Snake Eyes later returns to the dojo and steals the Jewel of the Sun, delivering it to Kenta and the Baroness. Upon learning that Augustine is a Cobra agent, Snake Eyes realizes the consequences of his bloodlust and spares him. He goes back to warn the Arashikage Clan of Kenta's attack, and assists them in fighting off Kenta's men. Kenta manages to escape, but Snake Eyes traps him in the anaconda pit, allowing the snakes to devour Kenta. The clan judges Snake Eyes to be pure of heart for abandoning his desire for revenge and welcomes him back. Tommy, who has broken his promise to never use the jewel, is determined no longer fit to lead, and leaves the clan, vowing to kill Snake Eyes should they ever meet again. Snake Eyes is approached by G.I. Joe member Scarlett, an ally of the clan, who offers him to become a Joe, after explaining that his father was a G.I. Joe agent as well. Snake Eyes begins a mission to find Tommy and bring him back to the Arashikage Clan. He dons a black outfit and helmet given to him by Akiko before leaving.

==Video games==
- Snake Eyes is one of the featured characters in the 1985 computer game G.I. Joe: A Real American Hero.
- Snake Eyes appears, in his "V3" uniform, as a playable character in the 1991 G.I. Joe video game for the NES. His special abilities include jumping faster and higher than the other characters, and he can use his sword as a projectile weapon that does not use up any ammo. He can be selected for any of the missions from the start, and is actually the team leader for the game's third mission set in New York.
- Snake Eyes appears, in his "V4" uniform, as a playable character in the 1992 G.I. Joe: The Atlantis Factor video game for the NES. He can be selected for missions after he is found, which is not until late in the game after completing Area E.
- Snake Eyes is featured as a playable character in the 1992 arcade game G.I. Joe.
- Snake Eyes is featured as a playable character in the 2009 video game G.I. Joe: The Rise of Cobra.
- Snake Eyes is featured as a purchasable cosmetic outfit in the game Fortnite: Battle Royale.
- Snake Eyes is featured as a playable character in the 2020 video game G.I. Joe: Operation Blackout.
- Snake Eyes is featured as a crossover character in the video game Brawlhalla, alongside Storm Shadow.
- Snake Eyes is featured as a purchasable cosmetic outfit in the game Overwatch 2.

==Reception==
Snake Eyes is one of the most popular and recognizable G.I. Joe characters. In 1986, G.I. Joe creator Larry Hama called him the most successful character he ever created, believing this is because his mysterious appearance and persona means "he becomes a universal blank slate for projection of fantasy for anybody."

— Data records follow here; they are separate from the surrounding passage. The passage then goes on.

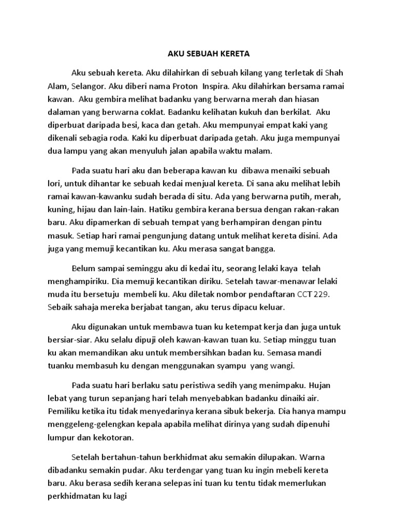 Contoh Karangan Sekolah Rendah Karangan Jenis Autobiografi Aku Sebuah Kereta
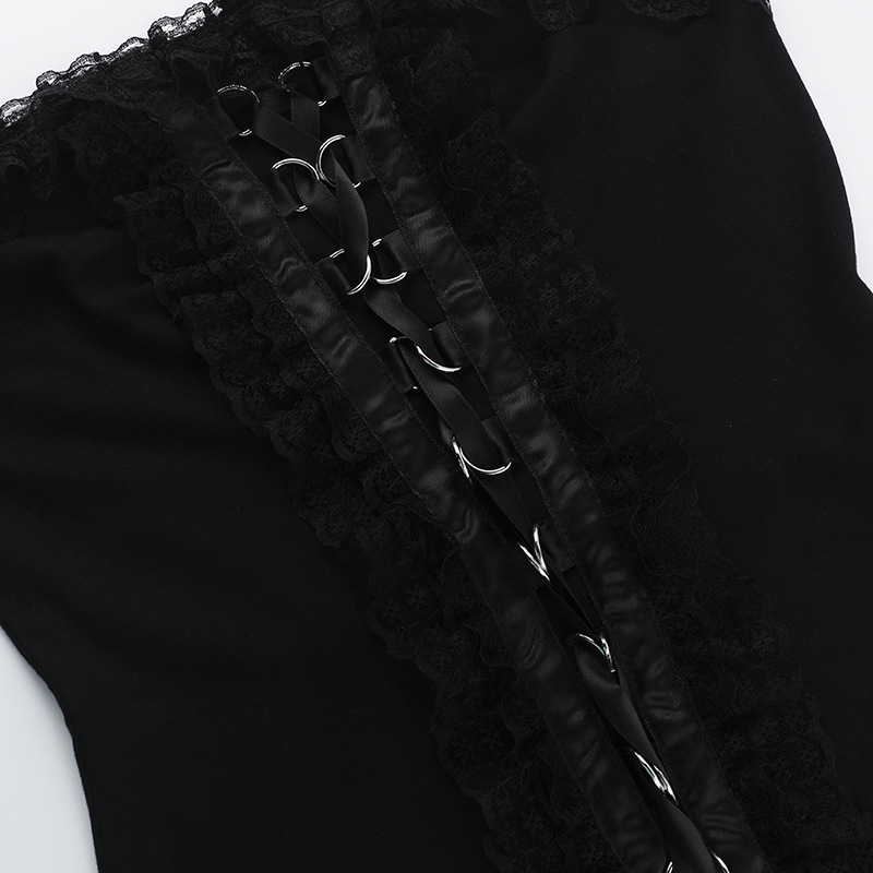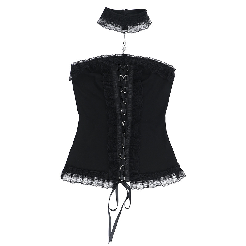 Embrace your dark romantic side with our Gothic Black Lace Tube Top. Featuring a delicate lace collar and striking front lace-up detail, this top exudes edgy elegance. The intricate black lace creates a captivating texture and silhouette. Perfect for adding a touch of gothic flair to any outfit, from casual to evening wear. Dare to be different and unleash your inner darkness with this must-have piece.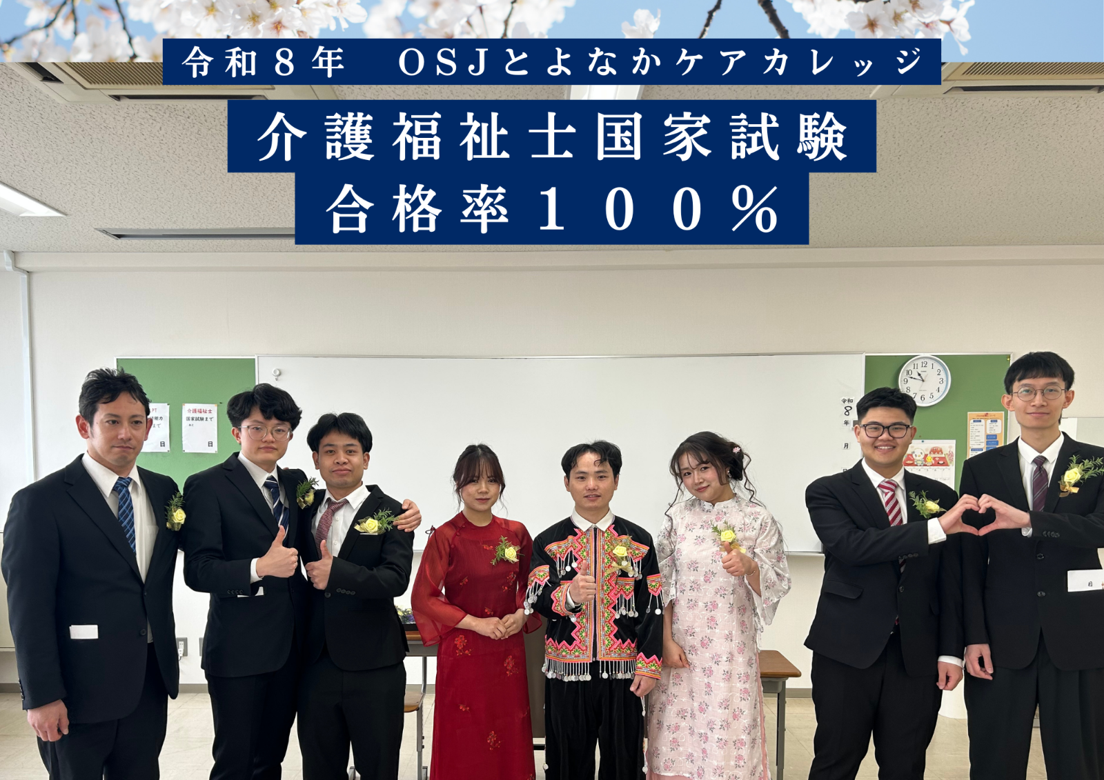 このたび、OSJとよなかケアカレッジは、介護福祉士国家資格 合格率100%を達成しました!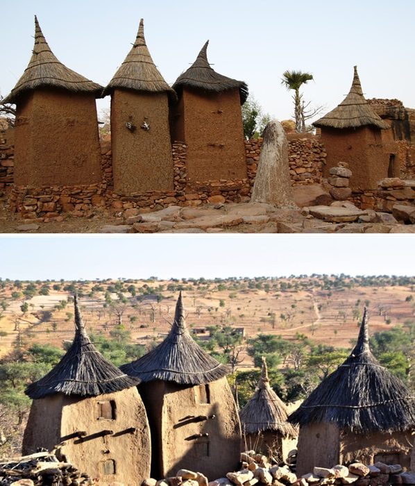 В каждой деревне всегда было скрытое от глаз зернохранилище, точнее сказать два, – мужское и женское. Как правило, они были спрятаны в самых отдаленных и неприступных углублениях скалы, куда можно добраться только по извилистой тропе деревянных лестниц, которые нужно не только обнаружить, но и изловчиться немыслимым образом, чтобы пройти по ним. Есть поселения (Тели, Ирели и Тирели), где глиняные зернохранилища идеально вписываются в скалистый ландшафт, не привлекая к себе внимание. К ним подняться не менее проблематично, а порой неподготовленным искателям приключений и чужого продовольствия и вовсе невозможно, поскольку придется спускаться просто по веревке, спущенной в пугающую пустоту с вершины плато или быть настоящим акробатом-скалолазом, способным преодолеть вертикальную плоскость без оснащения. Если же стратегически важные объекты строились в пределах неприступной деревни, то также возводились из глины, только имели куполообразную коническую форму.

In 2008, TechCrunch used the question "Could he/she beat Snake Eyes?" while evaluating the top video game ninja characters. In 2010, Topless Robot ranked Snake Eyes as the first on the list of The 10 Coolest G.I. Joe Ninjas, calling him "the most popular member of the team". UGO.com included him on the lists of TV's Worst Speakers (in 2010), and the Best Silent Killers of Movies and TV (in 2011). In 2013, IGN ranked Snake Eyes as the best G.I. Joe on the list of The Top 10 Joes and Cobras, also stating he is like the "Wolverine of G.I. Joe, except he knows when to shut up."